American judge (born 1963)

John Cannon Few (born April 9, 1963) is a former justice of the South Carolina Supreme Court

== Early life and education ==

=== Education ===
Few is a graduate of Duke University, where he served as the athletic mascot, and the University of South Carolina School of Law, where he was a member of The Order of Wig and Robe and The Order of the Coif.

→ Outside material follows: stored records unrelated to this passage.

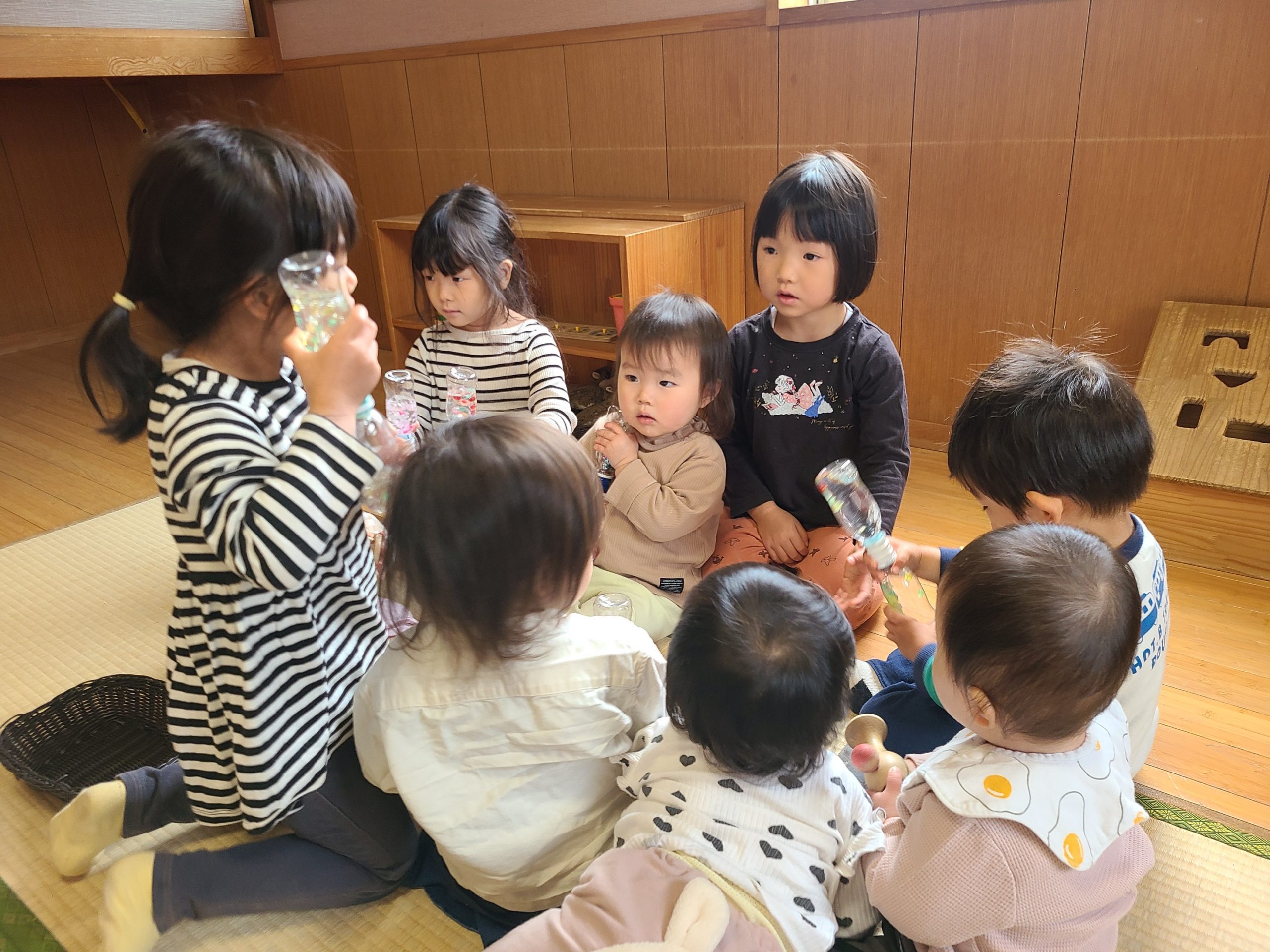 お部屋の中では小さい赤ちゃん達からお姉ちゃん達まで集まってキラキラウォーターに夢中でした♪異年齢で過ごしているどんぐりならではの光景です♪
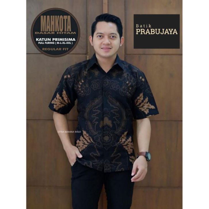 MAHKOTA PDK Kemeja Batik Pria Modern Premium Lengan Pendek Terbaru Baju Hem Batik Pria Hitam Tangan Pendek Cowok
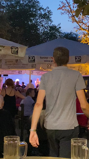 Of course the Biergarten had plenty of outdoor seating with umbrellas. Service unfortunately was very poor, it took 20 minutes to get a server's attention. There was a 30-person group there at the time, so your results may vary.

He also served as Student Works Editor of the South Carolina Law Review.

=== Legal career ===
Few began his legal career as law clerk to The Honorable G. Ross Anderson, United States District Judge. He then went on to private practice, which he left in 2000 to serve as a trial judge on the Circuit Court of South Carolina. Few became Chief Judge of the South Carolina Court of Appeals in 2010, departing that position to join the South Carolina Supreme Court in 2016.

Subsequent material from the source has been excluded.